# [What you are asked to do]
Pictures in the listing below are skipped, while the lines from the "One electronically tested" line through the "Bring a bold, contemporary" line are returned word for word.

# [Data under study]
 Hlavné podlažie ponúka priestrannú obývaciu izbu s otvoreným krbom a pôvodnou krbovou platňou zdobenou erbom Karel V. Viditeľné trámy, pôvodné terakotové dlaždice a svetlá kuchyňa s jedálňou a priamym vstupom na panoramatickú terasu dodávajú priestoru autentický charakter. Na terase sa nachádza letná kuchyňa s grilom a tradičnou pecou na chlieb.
* * *
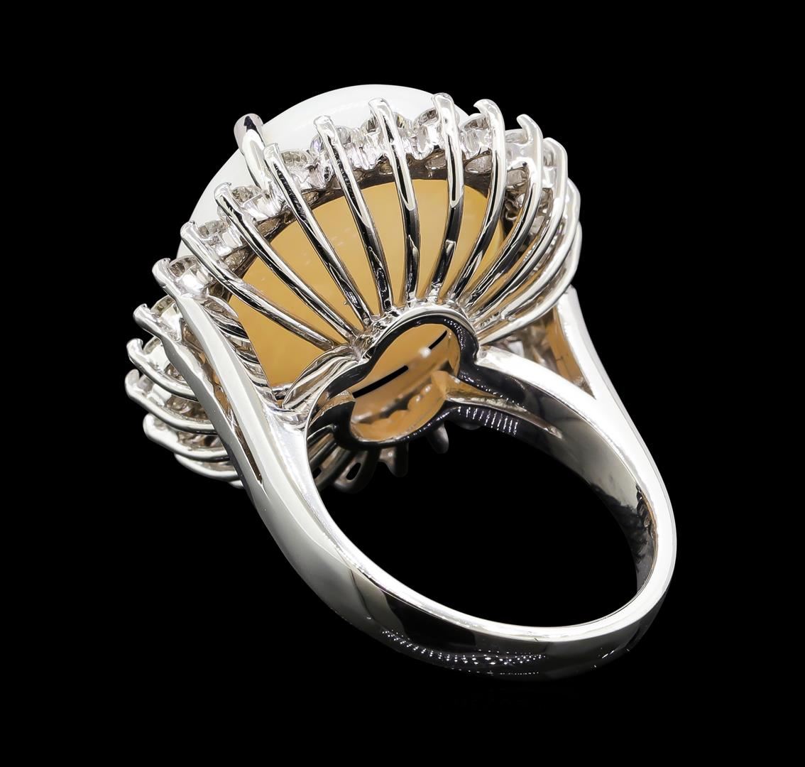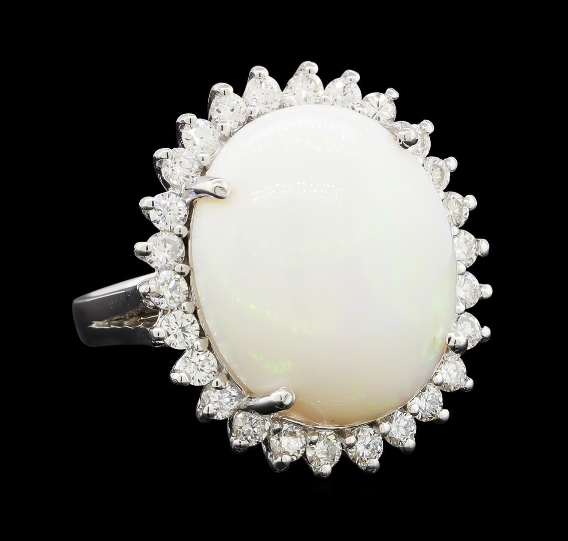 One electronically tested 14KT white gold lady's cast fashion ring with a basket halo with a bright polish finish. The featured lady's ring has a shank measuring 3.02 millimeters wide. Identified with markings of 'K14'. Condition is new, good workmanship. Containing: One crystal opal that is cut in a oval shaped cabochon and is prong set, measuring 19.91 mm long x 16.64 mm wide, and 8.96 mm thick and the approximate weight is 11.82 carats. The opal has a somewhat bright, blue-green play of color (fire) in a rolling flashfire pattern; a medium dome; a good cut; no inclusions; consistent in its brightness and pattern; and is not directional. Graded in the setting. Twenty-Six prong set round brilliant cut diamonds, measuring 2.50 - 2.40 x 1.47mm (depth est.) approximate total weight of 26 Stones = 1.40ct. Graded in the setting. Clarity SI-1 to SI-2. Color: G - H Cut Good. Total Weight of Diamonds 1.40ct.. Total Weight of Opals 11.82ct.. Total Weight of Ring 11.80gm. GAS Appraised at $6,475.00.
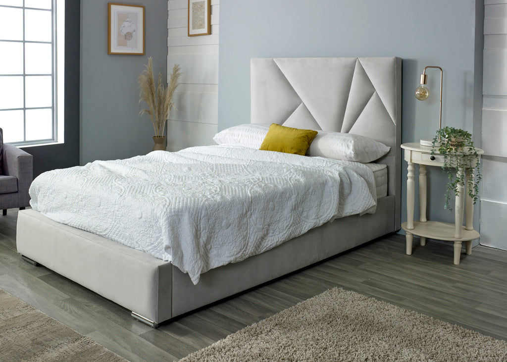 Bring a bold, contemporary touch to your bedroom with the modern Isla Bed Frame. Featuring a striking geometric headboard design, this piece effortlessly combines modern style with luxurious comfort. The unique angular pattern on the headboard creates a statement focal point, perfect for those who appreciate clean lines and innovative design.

# [Answer box]
 One electronically tested 14KT white gold lady's cast fashion ring with a basket halo with a bright polish finish. The featured lady's ring has a shank measuring 3.02 millimeters wide. Identified with markings of 'K14'. Condition is new, good workmanship. Containing: One crystal opal that is cut in a oval shaped cabochon and is prong set, measuring 19.91 mm long x 16.64 mm wide, and 8.96 mm thick and the approximate weight is 11.82 carats. The opal has a somewhat bright, blue-green play of color (fire) in a rolling flashfire pattern; a medium dome; a good cut; no inclusions; consistent in its brightness and pattern; and is not directional. Graded in the setting. Twenty-Six prong set round brilliant cut diamonds, measuring 2.50 - 2.40 x 1.47mm (depth est.) approximate total weight of 26 Stones = 1.40ct. Graded in the setting. Clarity SI-1 to SI-2. Color: G - H Cut Good. Total Weight of Diamonds 1.40ct.. Total Weight of Opals 11.82ct.. Total Weight of Ring 11.80gm. GAS Appraised at $6,475.00.
 Bring a bold, contemporary touch to your bedroom with the modern Isla Bed Frame. Featuring a striking geometric headboard design, this piece effortlessly combines modern style with luxurious comfort. The unique angular pattern on the headboard creates a statement focal point, perfect for those who appreciate clean lines and innovative design.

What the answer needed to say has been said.